According to Allen, “One of the biggest problems we had was that if Lou woke up on the day of the job and he decided he didn’t want to be there, he wouldn’t come. We’d be all set up and looking for him. I remember one fraternity party, it was an afternoon job, we were all set up and ready to go and he just wasn’t there. I ran down to his room and walked through about four hundred pounds of his favorite pistachio nuts, and then I found him in bed under about six hundred pounds of pistachio nuts—in the middle of the afternoon. I looked at him and said, ‘What are you doing? We have a job!’ And he said, ‘Fuck you, get out of here. I don’t want to work today.’ I said, ‘You can’t do this, we’re getting paid!’ Mishkin and I physically dragged him up to the show. Ultimately he did play, but he was very pissed off.”
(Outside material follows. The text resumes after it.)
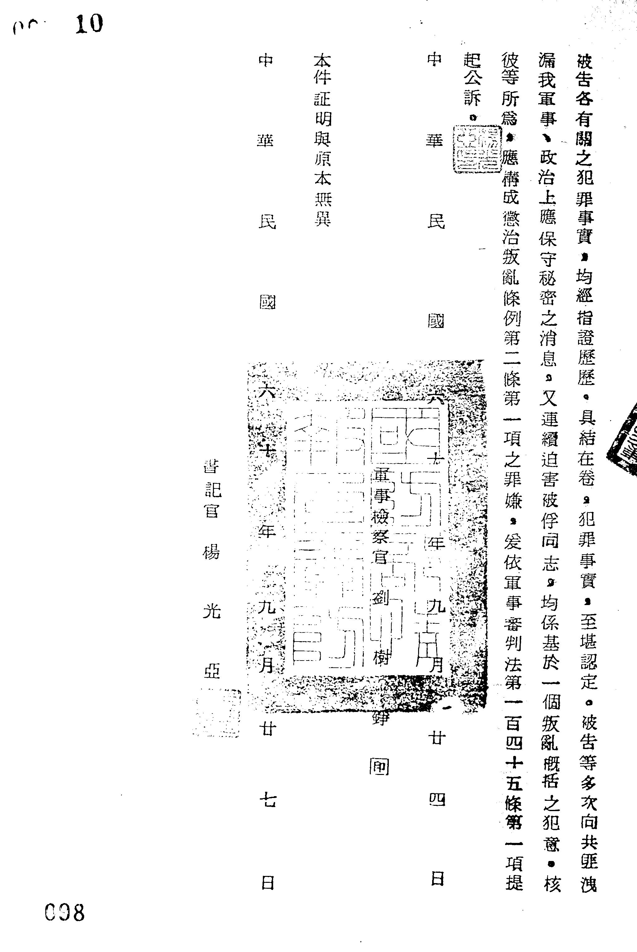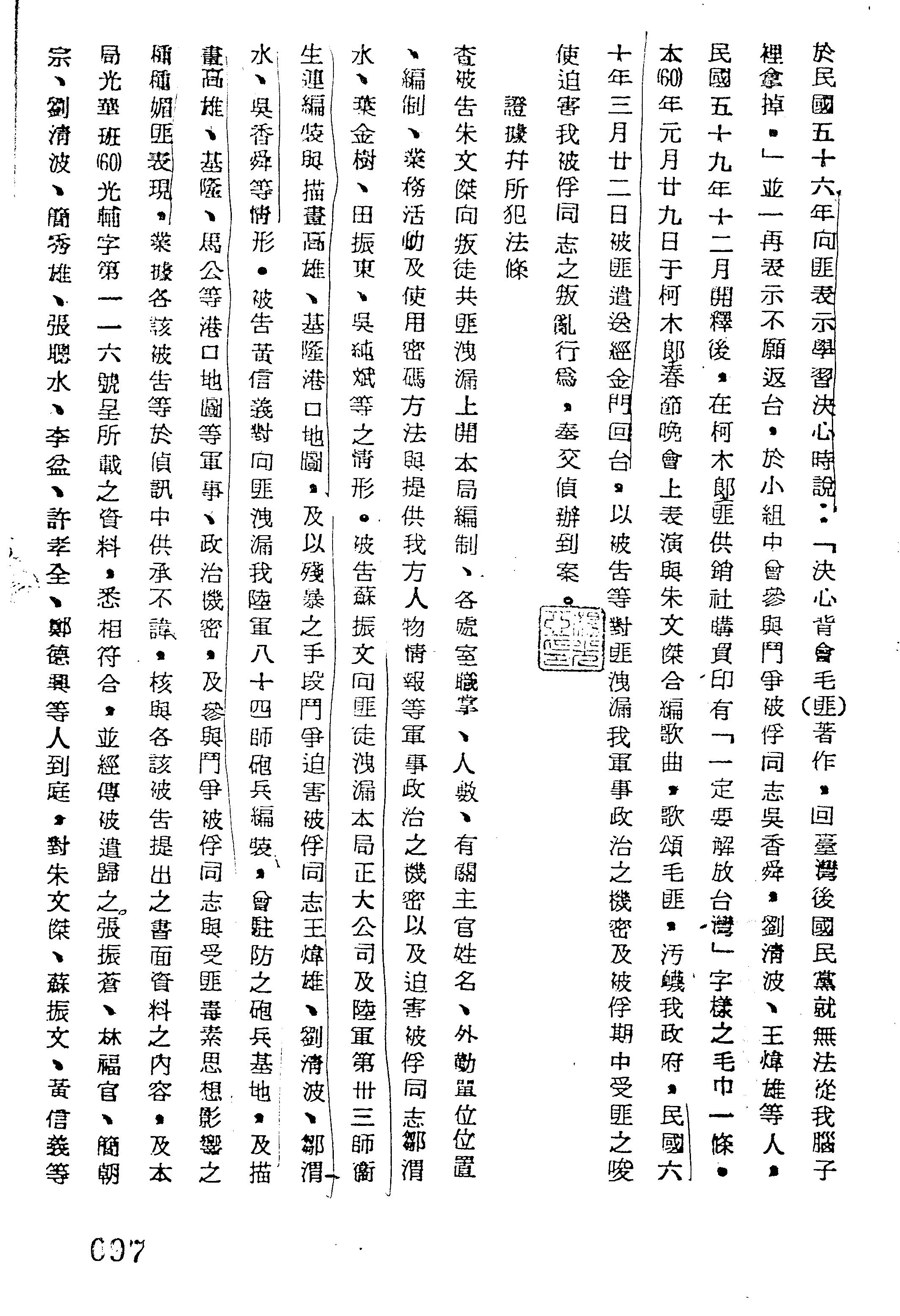 裁判書主文/要旨:朱文傑等因民國六十年新檢字第○一三號叛亂等罪嫌一案業經偵查終結認應提起公訴。

Reed seemed to at once want the spotlight and to hate it.

“Lou’s uniqueness and stubbornness made him really different than anyone I had ever known,” added Mishkin. “He was a terrible guy to work with. He was impossible. He was always late, he would always find fault with everything that the people who had hired us expected of us. And we were always dragging him here and dragging him there. Sometimes we were called Pasha and the Prophets because Lou was such a son of a bitch at so many gigs he’d upset everyone so much we couldn’t get a gig in those places again. He was as ornery as you can get. People wouldn’t let us back because he was so absolutely rude to people and just so mean and unappreciative of the fact that these people were paying us to get up and play music for them. He couldn’t have cared less. So we used the name Pasha and the Prophets in order to play there again. And then the people who hired us were so drunk they wouldn’t remember. He would never dress or act in a way so that people would accept him. He would often act in a confrontational manner. He wanted to be different.

“But Lou was ambitious. He wanted to be—and said this to me in no uncertain terms—a rock-and-roll star and a writer.”